Particolare sconcertante è che i malintenzionati hanno sfruttato il meccanismo di hosting CLR, un sistema che permette ai processi nativi Windows l’esecuzione di codice .NET. Questo è reso possibile grazie alle librerie .NET caricate dinamicamente, in grado di permettere al malware di operare senza lasciare file sul disco.

Il malware possiede una caratteristica unica: la capacità di disabilitare il sistema Event Tracing for Windows (ETW) alterando l’API “EtwEventWrite”. In aggiunta, lo shellcode che contiene il caricamento di AgentTesla viene scaricato ed eseguito attraverso l’API “EnumSystemLocalesA“.

Nel tentativo di seminare confusione tra le fila dei difensori, lo shellcode utilizza l’hashing per determinare dinamicamente API come VirtualAlloc e VirtualFree, evitando così il rilevamento.
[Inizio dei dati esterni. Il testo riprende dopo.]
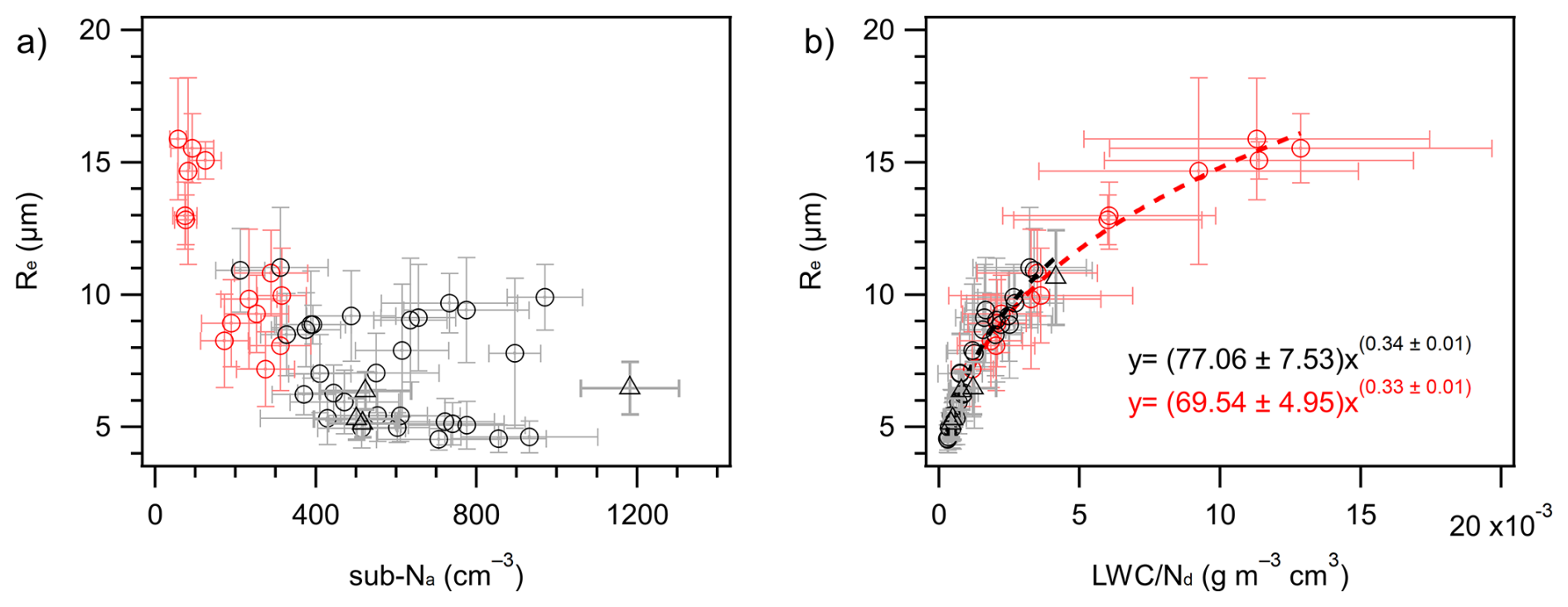 Figure 7(a) Relationship between cloud-layer mean Re and sub-Na for all analyzed profiles. (b) Relationship between cloud-layer mean Re and the average ratio of LWC /Nd for all analyzed profiles. The markers and error bars represent the average values and standard deviation for each profile. Black triangle and circle markers are from the BB-polluted MBL in Periods 1 and 3, respectively, and red circle markers are from the clean MBL in Period 2.

Giunge quindi a un punto critico, dove alloca memoria e scrive il caricamento AgentTesla decodificato per eseguirlo.

Se dovessero mancare DLL richieste, il malware le carica attraverso la funzione LoadLibraryA. Similmente, per non farsi scoprire, lo shellcode disabilita la scansione AMSI modificando le funzioni “AmsiScanBuffer” e “AmsiScanString”.

Il malware utilizza l’hosting CLR per eseguire il codice .NET dannoso, creando un’istanza del runtime CLR, cercando una versione adatta di .NET, carica il codice dannoso nell’AppDomain e lo esegue. Una volta che il processo dannoso entra nella RAM, lo shellcode distrugge i dati caricati, impedendone il rilevamento.

Da quanto emerge, è chiaro come gli hacker stiano ricercando metodi sempre più sofisticati per infettare i sistemi con malware, bypassando i metodi di rilevamento tradizionali. Tali tecniche avanzate inducono a un miglioramento continuo dei meccanismi di difesa a tutti i livelli per garantire una sicurezza informatica adeguata.